Listed in: Anthropology and Sociology, as SOCI-211
Utku B. Balaban (Section 01)
All urban spaces are invented by the users of those spaces. Following this axiom, this course introduces the basic concepts and themes of urban space theories and then discusses these concepts and themes within the historical context of the invention of mental and physical urban spaces.
Reviewing the basic foundational notions of urban ecology, political economy, and urban planning, we will discuss contrasting urban utopias that underlie different spatial inventions from the nineteenth century and beyond. Then, we will move to ethnographic and historical works that focus on key urban spaces, including suburbia, social housing, slums/barrios/gecekondus, ghettoes, and global cities. We will also discuss the idea of whether the nation state itself is an urban space invented to contextualize other urban spaces.
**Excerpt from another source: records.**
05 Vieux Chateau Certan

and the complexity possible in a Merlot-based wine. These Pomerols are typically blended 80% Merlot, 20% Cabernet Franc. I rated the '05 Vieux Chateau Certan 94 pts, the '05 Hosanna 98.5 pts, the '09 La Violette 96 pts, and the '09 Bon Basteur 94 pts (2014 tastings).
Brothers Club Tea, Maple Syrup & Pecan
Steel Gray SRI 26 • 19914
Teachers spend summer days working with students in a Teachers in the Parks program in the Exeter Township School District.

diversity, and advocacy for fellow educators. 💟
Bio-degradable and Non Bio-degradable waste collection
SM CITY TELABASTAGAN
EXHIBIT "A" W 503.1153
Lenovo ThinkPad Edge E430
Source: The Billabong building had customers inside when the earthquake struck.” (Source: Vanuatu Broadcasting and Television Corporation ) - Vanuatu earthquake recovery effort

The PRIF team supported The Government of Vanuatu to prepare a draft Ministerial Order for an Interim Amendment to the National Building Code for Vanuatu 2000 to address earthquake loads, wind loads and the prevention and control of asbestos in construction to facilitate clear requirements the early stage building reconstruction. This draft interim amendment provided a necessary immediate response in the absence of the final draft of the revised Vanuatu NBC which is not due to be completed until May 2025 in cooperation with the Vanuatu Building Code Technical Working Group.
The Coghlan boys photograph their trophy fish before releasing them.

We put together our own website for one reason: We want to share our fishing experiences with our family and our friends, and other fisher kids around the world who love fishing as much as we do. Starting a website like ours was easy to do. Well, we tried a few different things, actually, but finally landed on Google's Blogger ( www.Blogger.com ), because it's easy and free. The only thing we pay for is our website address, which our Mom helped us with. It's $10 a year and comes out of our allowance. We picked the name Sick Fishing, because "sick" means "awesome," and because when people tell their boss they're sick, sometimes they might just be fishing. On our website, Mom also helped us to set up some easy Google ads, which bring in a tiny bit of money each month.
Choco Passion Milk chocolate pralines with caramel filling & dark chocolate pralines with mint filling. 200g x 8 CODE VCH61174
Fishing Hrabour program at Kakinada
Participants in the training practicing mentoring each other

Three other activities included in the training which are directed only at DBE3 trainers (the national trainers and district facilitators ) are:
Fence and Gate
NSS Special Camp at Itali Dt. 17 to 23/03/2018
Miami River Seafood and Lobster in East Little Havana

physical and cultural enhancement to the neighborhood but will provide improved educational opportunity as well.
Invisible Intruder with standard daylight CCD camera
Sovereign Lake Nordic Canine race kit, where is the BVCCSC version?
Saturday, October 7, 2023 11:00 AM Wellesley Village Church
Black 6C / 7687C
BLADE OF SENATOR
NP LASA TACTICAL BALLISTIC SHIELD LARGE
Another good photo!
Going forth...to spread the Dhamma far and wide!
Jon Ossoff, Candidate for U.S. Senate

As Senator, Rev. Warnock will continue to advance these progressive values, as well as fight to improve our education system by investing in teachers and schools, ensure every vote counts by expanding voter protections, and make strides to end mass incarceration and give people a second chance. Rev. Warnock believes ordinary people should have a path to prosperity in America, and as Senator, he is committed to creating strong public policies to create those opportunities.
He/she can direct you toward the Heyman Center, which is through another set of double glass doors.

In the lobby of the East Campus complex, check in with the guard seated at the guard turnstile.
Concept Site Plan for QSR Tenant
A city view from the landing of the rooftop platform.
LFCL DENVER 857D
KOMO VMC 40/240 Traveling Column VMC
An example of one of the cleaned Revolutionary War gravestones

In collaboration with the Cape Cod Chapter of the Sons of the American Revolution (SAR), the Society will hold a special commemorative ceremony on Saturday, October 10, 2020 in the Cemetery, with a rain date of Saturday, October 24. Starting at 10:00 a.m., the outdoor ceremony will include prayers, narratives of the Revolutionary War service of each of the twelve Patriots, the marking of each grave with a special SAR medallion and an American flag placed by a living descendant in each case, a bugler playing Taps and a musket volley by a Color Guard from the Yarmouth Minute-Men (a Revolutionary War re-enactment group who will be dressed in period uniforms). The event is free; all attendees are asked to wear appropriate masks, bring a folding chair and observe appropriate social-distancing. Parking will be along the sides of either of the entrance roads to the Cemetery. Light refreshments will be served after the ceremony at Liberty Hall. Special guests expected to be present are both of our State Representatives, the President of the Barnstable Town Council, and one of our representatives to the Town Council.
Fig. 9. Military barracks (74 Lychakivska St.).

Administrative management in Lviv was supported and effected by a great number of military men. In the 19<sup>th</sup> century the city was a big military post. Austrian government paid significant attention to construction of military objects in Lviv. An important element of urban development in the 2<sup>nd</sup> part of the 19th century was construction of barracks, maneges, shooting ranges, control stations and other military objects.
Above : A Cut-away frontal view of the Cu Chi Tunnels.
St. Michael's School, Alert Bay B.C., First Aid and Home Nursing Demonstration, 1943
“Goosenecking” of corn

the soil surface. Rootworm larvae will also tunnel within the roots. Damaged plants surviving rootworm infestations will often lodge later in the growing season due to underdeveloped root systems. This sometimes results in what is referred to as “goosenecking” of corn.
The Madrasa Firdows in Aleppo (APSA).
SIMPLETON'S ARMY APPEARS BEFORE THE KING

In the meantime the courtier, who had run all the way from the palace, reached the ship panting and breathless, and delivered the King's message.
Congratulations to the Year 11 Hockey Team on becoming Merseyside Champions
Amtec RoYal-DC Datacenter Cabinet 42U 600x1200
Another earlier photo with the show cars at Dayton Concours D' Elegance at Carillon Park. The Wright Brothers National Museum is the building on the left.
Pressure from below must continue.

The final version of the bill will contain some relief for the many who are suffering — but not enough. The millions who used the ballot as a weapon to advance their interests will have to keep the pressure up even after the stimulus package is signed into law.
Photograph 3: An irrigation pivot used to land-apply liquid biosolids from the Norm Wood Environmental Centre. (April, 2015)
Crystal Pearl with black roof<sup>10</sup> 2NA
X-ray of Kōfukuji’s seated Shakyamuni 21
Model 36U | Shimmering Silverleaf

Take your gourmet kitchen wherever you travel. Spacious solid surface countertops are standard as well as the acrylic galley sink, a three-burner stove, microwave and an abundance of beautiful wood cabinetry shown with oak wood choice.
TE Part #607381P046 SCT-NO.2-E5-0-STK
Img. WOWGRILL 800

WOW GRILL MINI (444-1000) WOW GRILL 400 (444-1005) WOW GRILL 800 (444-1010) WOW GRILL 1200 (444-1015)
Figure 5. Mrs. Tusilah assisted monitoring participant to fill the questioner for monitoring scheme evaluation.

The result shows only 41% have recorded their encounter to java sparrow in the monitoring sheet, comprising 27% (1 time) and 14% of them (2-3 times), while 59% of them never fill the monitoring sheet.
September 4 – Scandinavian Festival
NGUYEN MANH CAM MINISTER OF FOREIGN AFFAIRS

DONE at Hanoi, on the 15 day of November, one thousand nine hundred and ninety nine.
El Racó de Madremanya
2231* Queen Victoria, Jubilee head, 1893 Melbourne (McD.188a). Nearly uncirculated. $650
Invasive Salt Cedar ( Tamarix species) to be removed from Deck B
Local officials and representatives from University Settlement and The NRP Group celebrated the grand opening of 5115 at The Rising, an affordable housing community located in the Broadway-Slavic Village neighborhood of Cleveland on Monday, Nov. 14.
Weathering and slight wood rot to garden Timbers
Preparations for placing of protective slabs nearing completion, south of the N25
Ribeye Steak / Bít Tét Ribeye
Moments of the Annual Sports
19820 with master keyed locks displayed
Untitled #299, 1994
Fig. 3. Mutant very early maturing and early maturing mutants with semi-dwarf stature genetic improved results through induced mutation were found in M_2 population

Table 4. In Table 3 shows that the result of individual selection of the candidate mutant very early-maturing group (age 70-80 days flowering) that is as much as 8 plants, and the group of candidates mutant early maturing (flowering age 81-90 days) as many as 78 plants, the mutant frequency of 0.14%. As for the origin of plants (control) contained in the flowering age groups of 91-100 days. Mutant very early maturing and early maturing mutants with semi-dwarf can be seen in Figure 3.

Along with these discussions, we will review some of the important datasets on cities collected by key agencies and institutions such as GaWC and Eurostat Urban Audits. Students will use these materials to analyze urban spaces during the semester. Students will gain new skills to contemplate social relations through the prism of spatial dynamics and to investigate related empirical questions with the assistance of different data sources.
Limited to 18 students. Spring semester. Visiting Associate Professor Balaban.
If Overenrolled: Priority given to Sociology and Anthropology majors.